Somewhere below are a line with "Non GMO Kosher" and a later line with "Темно синие укороченные, широкие". Output exactly those lines and all lines between them.

○ ○ ○

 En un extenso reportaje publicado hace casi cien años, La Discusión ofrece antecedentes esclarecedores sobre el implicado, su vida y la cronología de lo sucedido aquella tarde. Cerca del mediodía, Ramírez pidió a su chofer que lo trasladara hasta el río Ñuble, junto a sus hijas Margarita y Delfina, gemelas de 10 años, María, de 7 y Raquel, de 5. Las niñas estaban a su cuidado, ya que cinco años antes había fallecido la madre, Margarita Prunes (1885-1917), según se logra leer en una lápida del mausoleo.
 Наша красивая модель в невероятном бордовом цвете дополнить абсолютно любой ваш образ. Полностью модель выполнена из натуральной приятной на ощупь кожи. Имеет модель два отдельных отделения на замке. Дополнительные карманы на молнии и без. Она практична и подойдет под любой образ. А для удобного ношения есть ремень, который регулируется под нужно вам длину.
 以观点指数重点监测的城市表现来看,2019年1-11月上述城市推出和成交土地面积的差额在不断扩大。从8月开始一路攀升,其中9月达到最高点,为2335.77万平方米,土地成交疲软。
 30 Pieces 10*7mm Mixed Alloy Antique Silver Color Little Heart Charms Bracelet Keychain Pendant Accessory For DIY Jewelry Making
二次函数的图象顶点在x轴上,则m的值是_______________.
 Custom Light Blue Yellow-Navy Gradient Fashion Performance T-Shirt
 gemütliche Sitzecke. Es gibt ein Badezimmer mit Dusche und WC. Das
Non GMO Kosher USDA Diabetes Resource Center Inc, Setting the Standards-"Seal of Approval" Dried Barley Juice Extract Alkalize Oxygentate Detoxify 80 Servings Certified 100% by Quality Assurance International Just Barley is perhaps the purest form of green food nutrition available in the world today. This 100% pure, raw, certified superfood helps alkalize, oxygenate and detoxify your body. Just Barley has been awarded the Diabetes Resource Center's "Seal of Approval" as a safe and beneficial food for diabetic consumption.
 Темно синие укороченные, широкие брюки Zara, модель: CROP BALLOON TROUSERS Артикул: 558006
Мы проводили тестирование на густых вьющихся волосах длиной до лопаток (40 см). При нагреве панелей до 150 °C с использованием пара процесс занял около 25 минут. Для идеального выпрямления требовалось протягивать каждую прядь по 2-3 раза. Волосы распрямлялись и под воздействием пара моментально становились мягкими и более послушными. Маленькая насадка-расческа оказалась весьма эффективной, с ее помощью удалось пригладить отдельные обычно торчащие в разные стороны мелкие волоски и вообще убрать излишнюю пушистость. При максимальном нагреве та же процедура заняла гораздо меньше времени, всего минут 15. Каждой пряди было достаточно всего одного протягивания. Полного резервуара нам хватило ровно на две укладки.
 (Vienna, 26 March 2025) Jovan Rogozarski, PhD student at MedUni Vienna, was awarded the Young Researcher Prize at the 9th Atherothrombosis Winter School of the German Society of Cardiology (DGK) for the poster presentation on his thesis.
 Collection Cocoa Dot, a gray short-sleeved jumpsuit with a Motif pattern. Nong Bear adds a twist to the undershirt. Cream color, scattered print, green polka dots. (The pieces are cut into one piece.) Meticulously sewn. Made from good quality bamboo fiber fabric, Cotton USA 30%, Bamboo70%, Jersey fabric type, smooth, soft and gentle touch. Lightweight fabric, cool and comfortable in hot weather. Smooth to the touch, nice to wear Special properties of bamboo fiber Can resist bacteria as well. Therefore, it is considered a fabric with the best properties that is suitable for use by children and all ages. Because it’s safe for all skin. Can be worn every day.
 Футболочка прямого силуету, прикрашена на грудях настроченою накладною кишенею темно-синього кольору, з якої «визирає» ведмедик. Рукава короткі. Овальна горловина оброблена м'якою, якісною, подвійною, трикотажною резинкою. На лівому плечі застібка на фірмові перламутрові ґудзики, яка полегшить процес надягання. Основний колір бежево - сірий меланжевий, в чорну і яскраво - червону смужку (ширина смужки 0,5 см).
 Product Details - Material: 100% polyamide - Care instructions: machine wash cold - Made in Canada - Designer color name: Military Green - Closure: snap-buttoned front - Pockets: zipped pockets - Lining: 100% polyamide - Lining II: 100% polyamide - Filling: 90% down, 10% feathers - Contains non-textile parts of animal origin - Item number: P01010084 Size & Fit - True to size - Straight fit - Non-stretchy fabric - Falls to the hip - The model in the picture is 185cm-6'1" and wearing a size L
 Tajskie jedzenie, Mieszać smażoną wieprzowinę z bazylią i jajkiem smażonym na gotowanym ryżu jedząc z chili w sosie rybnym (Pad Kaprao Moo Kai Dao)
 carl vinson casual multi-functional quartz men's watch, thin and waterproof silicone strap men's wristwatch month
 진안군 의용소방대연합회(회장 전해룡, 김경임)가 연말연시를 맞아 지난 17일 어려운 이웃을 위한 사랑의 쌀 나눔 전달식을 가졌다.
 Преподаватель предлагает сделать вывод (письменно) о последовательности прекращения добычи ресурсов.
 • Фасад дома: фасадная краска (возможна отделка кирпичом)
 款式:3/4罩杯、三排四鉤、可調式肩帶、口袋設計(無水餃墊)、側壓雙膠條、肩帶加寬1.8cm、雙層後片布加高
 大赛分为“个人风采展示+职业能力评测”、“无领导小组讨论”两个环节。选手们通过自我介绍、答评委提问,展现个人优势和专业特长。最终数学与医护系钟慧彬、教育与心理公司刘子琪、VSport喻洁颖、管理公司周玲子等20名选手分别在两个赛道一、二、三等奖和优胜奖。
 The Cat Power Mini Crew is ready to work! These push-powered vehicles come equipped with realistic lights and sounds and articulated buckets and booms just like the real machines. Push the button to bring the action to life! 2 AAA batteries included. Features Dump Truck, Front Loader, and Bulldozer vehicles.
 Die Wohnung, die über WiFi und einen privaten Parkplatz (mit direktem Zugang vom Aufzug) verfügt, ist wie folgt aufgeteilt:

○ ○ ○

== OUTPUT FOR THIS EXERCISE ==
Non GMO Kosher USDA Diabetes Resource Center Inc, Setting the Standards-"Seal of Approval" Dried Barley Juice Extract Alkalize Oxygentate Detoxify 80 Servings Certified 100% by Quality Assurance International Just Barley is perhaps the purest form of green food nutrition available in the world today. This 100% pure, raw, certified superfood helps alkalize, oxygenate and detoxify your body. Just Barley has been awarded the Diabetes Resource Center's "Seal of Approval" as a safe and beneficial food for diabetic consumption.
 Темно синие укороченные, широкие брюки Zara, модель: CROP BALLOON TROUSERS Артикул: 558006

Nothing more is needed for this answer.